Борьба продолжилась в партере. Моя олениха пыталась бежать, но коленки скользили – впрочем, мои руки тоже, – в итоге мне удалось загнать ее в закуток между стеной и стиральной машиной, и там прованское масло сослужило службу уже мне: умасленная в борьбе боеголовка вошла как по маслу. Потом мы лежали на постели поверх одеяла, и она мурлыкающим голоском уверяла меня, что это было чистое насилие: она-де убегала, а я-де прямо на бегу…
– Если б я так умел, меня бы можно было в цирке показывать.
Она приподнялась на локте, чтобы разглядеть меня своим несколько очумелым взором – я давно не любовался ею с такой мучительной нежностью.
– Мне ужасно нравится, что ты потомок кочевников. Тоже бегал бы с копьем на каком-нибудь верблюде, кушал бы финики… У меня был бы один шатер, у Галины Семеновны другой: ты мог бы ночевать то у нее, то у меня… Я бы смотрела по утрам, как ты умываешься – как енот, быстро-быстро лапками трешь. Почему ты пахнешь манной кашей с пенками? Как ребеночек – ути-пути… Ладно уж, трахай, кого хочешь, ты же должен кого-то ручонками своими похватать… Но все-таки хорошо – правда? – что у каждого у нас есть своя комнатка, своя кроваточка?..
Это была святая истина. При всей растроганности мне до крайности хотелось побыть одному. Хотя бы недельку-другую.
Пока Женя была рядом, я не мог всерьез поверить, что какая-то полузабытая пьяная тетка завтра будет клеймить меня презрением или другим холодным оружием. Однако на привычном подмерзшем канале вдруг поверил. И прямо взбеленился – да какого черта?!. Только у самого дома боль заставила меня заметить, что стиснутые зубы уже почти вдавились в кость, и я с большим трудом принудил себя разжать их, а заодно разжать и кулаки, а то легко на автоматике так кулаком и врезать, будто мужику.
Предосторожность оказалась своевременной – когда воронено-седая, распатланная, в кровавом палаческом халате она кинулась меня душить, я милосердно залепил ей справа не кулаком, но всего лишь ладонью, так что от резкого движения заныло в паху. Милосердно – ладонью, не словом: “Да какое право ты имеешь что-то от меня требовать, пьяная жердь?!.” Какое счастье, что в последний миг отражатель все-таки успел понять мою ошибку: Гришка бросилась не душить, но обнимать меня! Я не сразу разобрал и захлебывающиеся слова: “Прости, прости, прости, прости меня, я принесла тебе столько несчастья, а теперь ты еще и должен жить с пьяницей, ты ведь и детей не хотел, я знаю, а они принесли тебе столько горя”, – я лишь со страхом следил, не открутит ли она мне голову, да пытался понять по ее выдоху, какую дозу и чего она приняла. Однако мой отражатель уже отвечал вместо меня: “Ну что ты говоришь глупости, если бы не ты, я бы так и остался самовлюбленным счастливчиком”.

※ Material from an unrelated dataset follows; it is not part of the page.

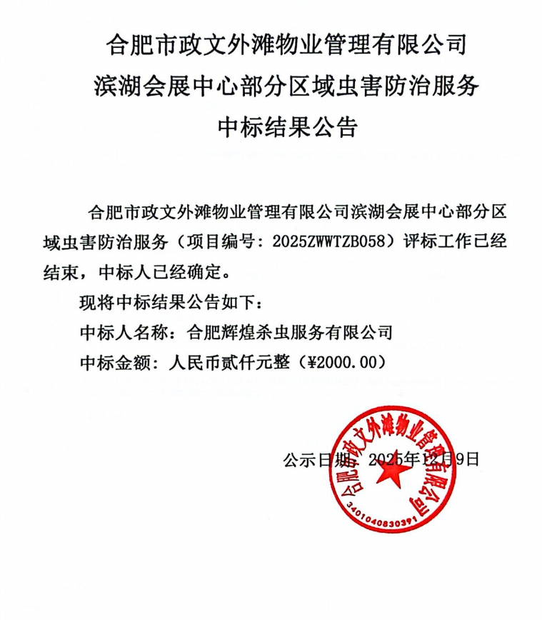 合肥市政文外灘物業(yè)管理有限公司濱湖會展中心部分區(qū)域蟲害防治服務(wù)中標(biāo)結(jié)果公告

Мы оказались под кумганами и ятаганами в тех же роковых креслах, каждый со стаканом черного с розовой пеной “Каберне”. Отказаться от примирительной чаши было еще опаснее, чем допустить Гришку до алкоголя – я намеренно называл все вина и коньяки просто алкоголем, как продвинутые филологи сонеты и новеллы именуют просто текстами, чтобы убить поэзию, заключающуюся в этих словах. Из развалившегося халата светили белые плоские сиськи, но я, сдерживая гадливость, делал вид, что сдерживаю улыбку. Пароксизм нежности завершается взрывом смертельной обиды, чуть она заметит недостаточность встречного пароксизма. К счастью, она заговорила без надрыва.